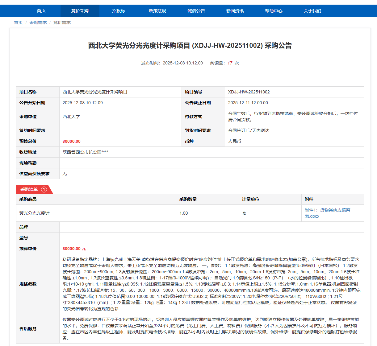 伟德国际1946源于英国荧光分光光度计采购项目(XDJJ-HW-202511002)竞价采购公告
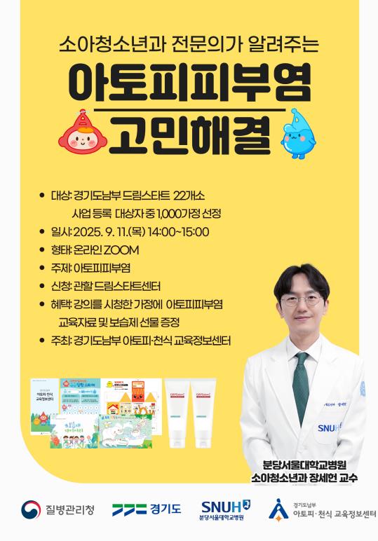 장윤석 경기도남부 아토피·천식 교육정보센터장은 “아토피피부염은 전체 소아 5명 중 1명이 앓고 있을 만큼 높은 유병률을 보이고 있지만 검증되지 않은 방법을 시도하다 피해를 입는 경우가 많다”며 “센터의 교육 프로그램이 아토피피부염 가정의 건강 회복을 위한 마중물이 됐으면 좋겠다”고 말했다.
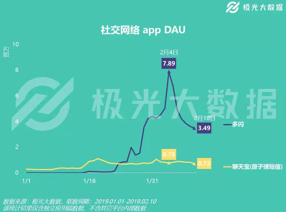 应用上线后,多闪的DAU井喷效应同样显著,但其上升趋势在19年1月底有所放缓。或许是得益于春节红包活动的推动,多闪在除夕当天的DAU数值触及上线后最高点,达到789万。截至19年2月10日,多闪的DAU数值为349万,聊天宝则为72万。

■ ■ ■

__WHAT IS BEING ASKED__:
Copy out the whole listing exactly. Skip its pictures.

__ANSWER TO THE PROBLEM__:
 伟德国际1946源于英国荧光分光光度计采购项目(XDJJ-HW-202511002)竞价采购公告
 장윤석 경기도남부 아토피·천식 교육정보센터장은 “아토피피부염은 전체 소아 5명 중 1명이 앓고 있을 만큼 높은 유병률을 보이고 있지만 검증되지 않은 방법을 시도하다 피해를 입는 경우가 많다”며 “센터의 교육 프로그램이 아토피피부염 가정의 건강 회복을 위한 마중물이 됐으면 좋겠다”고 말했다.
 应用上线后,多闪的DAU井喷效应同样显著,但其上升趋势在19年1月底有所放缓。或许是得益于春节红包活动的推动,多闪在除夕当天的DAU数值触及上线后最高点,达到789万。截至19年2月10日,多闪的DAU数值为349万,聊天宝则为72万。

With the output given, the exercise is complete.